Riboflavin (Vitamin B2) Accumulation Modulates Neuronal Cellular Homeostasis in Typical Brain Development and Cerebral Palsy

The developing brain requires high energy demands and metabolic efforts to regulate oxidative stress and myelination. Early insults cause mitochondrial dysfunction and compromise these pathways, potentially leading to cerebral palsy (CP), a severe and incurable neurological disorder that begins in childhood. Through a rodent preclinical study, we demonstrated that vitamin B2 (riboflavin), administered at a high dose (100 mg/kg), is accumulated in healthy (B2C) or paralytic (B2CP) brains and participates in neurodevelopment.
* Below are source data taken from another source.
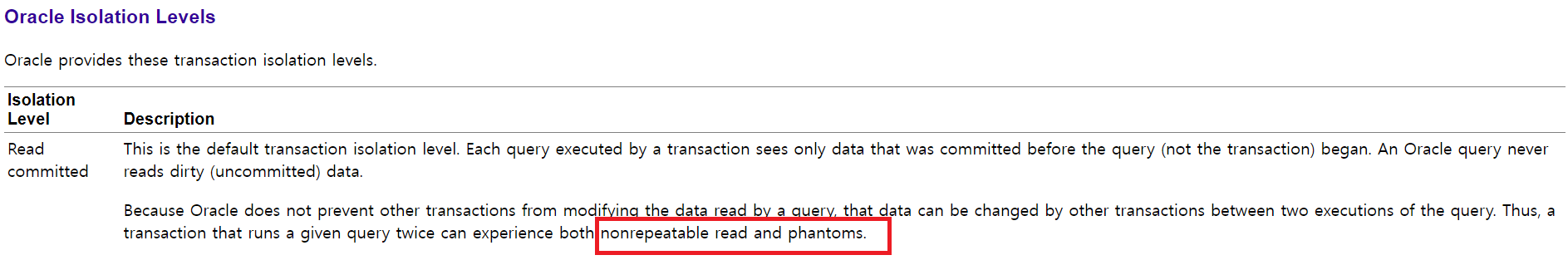 하지만 아래 오라클 공식문서에 나온 것처럼 non-repeatable read와 phantom read 현상에 주의해야 합니다.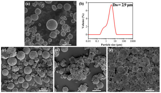 Based on previous research [14], FA particles were pretreated with different concentrations of the NaOH solution, and the morphologies of untreated FA and alkali-activated FA particles are shown in Figure 1. From Figure 1a, we can observe that the graded FA particles are mainly spherical with only a few irregular shapes, and the particle size distribution of FA was measured to be D50 = 2.9 μm, as shown in Figure 1b. It can be clearly seen that the particle size distribution of SH012F is narrow. Smaller particles stick together, attributed to its high surface activity, as shown in Figure 1a. The morphologies of alkali-activated FA particles with concentrations of 0.3, 0.6, and 1.2 mol/L of the NaOH solution are shown in Figure 1c–e, respectively. From Figure 1c, we can observe that there is no significant change in the FA surface after alkali activation with the 0.3 mol/L NaOH solution. However, the polymer reaction occurs on the FA surface after alkali activation in the 0.6 mol/L NaOH solution, resulting in the adhesion of FA particles, especially for small particles. The larger particles showed slight surface polymerization but did not result in cross-linking, which indicates that the smaller the particle size of FA, the higher the surface activity and the stronger the geopolymer reaction. It can be clearly seen that all FA particles react and crosslink together with an increase in the NaOH concentration, as shown in Figure 1e. In conclusion, the concentration of NaOH varies with the different particle sizes of FA. This is significant in the selection of a suitable concentration for alkali activation.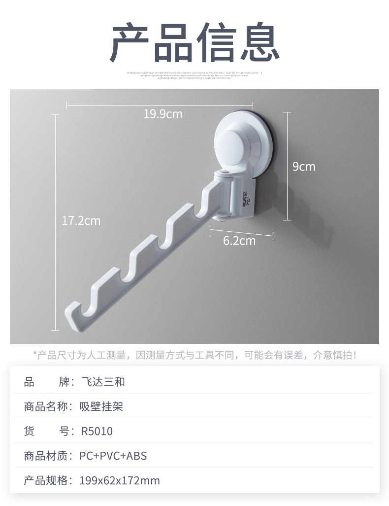 品牌名称:乐玩(中国)三和 生产地区:中国·浙江·台州 乐玩(中国)货号:R5010 装箱数:48 乐玩(中国)尺寸:19.9*6.2*17.2cm 外箱尺寸:49*34.5*41cm 条形码:6931643817462 乐玩(中国)三和R5010 强力吸壁挂架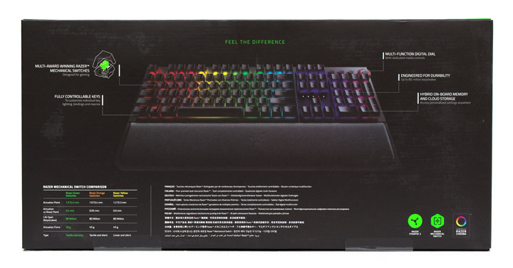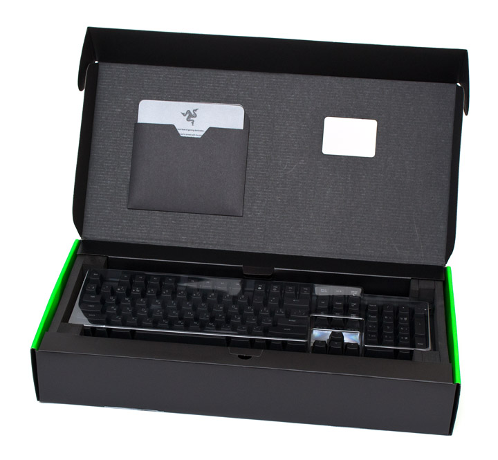 В оформлении упаковки мало что изменилось внешне, все продукты Razer, по-прежнему, несут на своих коробках цветную полиграфию в черно-зеленых тонах. Спереди есть изображение клавиатуры, указано ее название и тип используемых переключателей, которые можно пощелкать через специальное окно. К сожалению, из комплекта пропал сувенирный брелок в виде переключателя с батарейкой. На обратной стороне есть описание главных достоинств устройства и приведены данные от трех типах переключателей, с которыми выпускается эта клавиатура — зеленых, оранжевых и желтых. Про габариты, язык раскладки и системные требования клавиатуры можно почитать на боковине.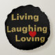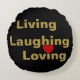 Inspiradora almohada de tiro negro y dorado "Viviendo, riéndose y amando". El cliente puede cambiar el color de fondo negro. El corazón rojo está frente al corazón dorado. Se puede elegir el que se debe conservar en el diseño. Por https://www.zazzle.com/store/celestesheffey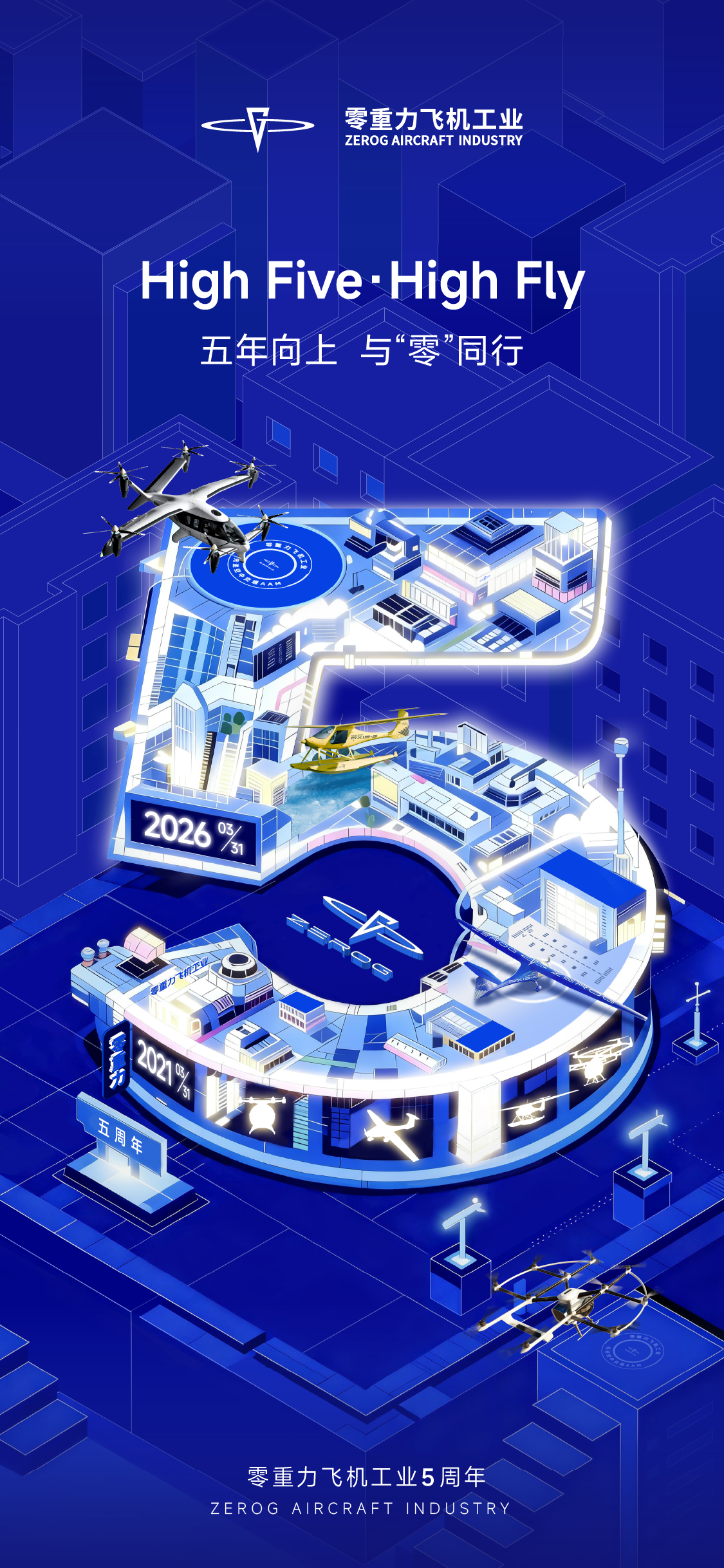 2026年3月31日,零重力飞机工业迎来了五周岁生日。在此,向所有一路同行、并肩奋斗的家人们,说一声:五周年快乐!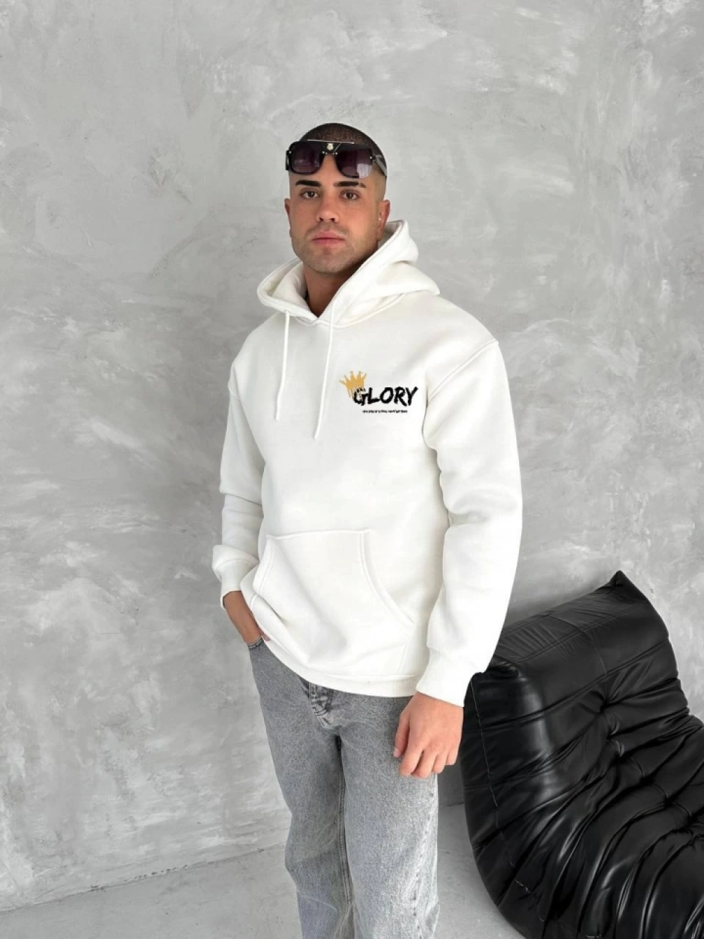 Erkek Baskılı Üç İplik Kapüşonlu Oversize Sweatshirt - Beyaz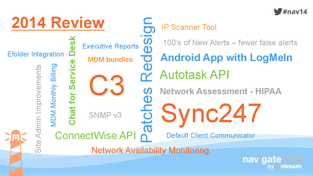 - HIPAA IP Scanner Tool Network Availability Monitoring Default Client Communicator Chat for Service Desk MDM Monthly Billing MDM bundles Site Admin Improvements Efolder Integration Android App with LogMeIn SNMP v3 100’s of New Alerts – fewer false alerts C3 Sync247 2014 Review

Redox homeostasis was maintained in B2C through decreased malondialdehyde and carbonyls and increased glutathione-S-transferase activity. In B2CP rodents, there was a reduction in carbonyls and increased superoxide dismutase activity. Mitochondrial morphometric analysis suggests that riboflavin treatment increases biogenesis in controls and reduces mitochondrial deformation in CP. Ultrastructural analysis revealed increased myelin sheath thickness in B2C. Additionally, myelin figure formation and mitochondrial and axonal disintegration in CP were reduced by B2. Our evidence supports vitamin B2 accumulation as a beneficial mechanism to support energy homeostasis and mitochondrial demands that occur during typical neurodevelopment or in the face of CP.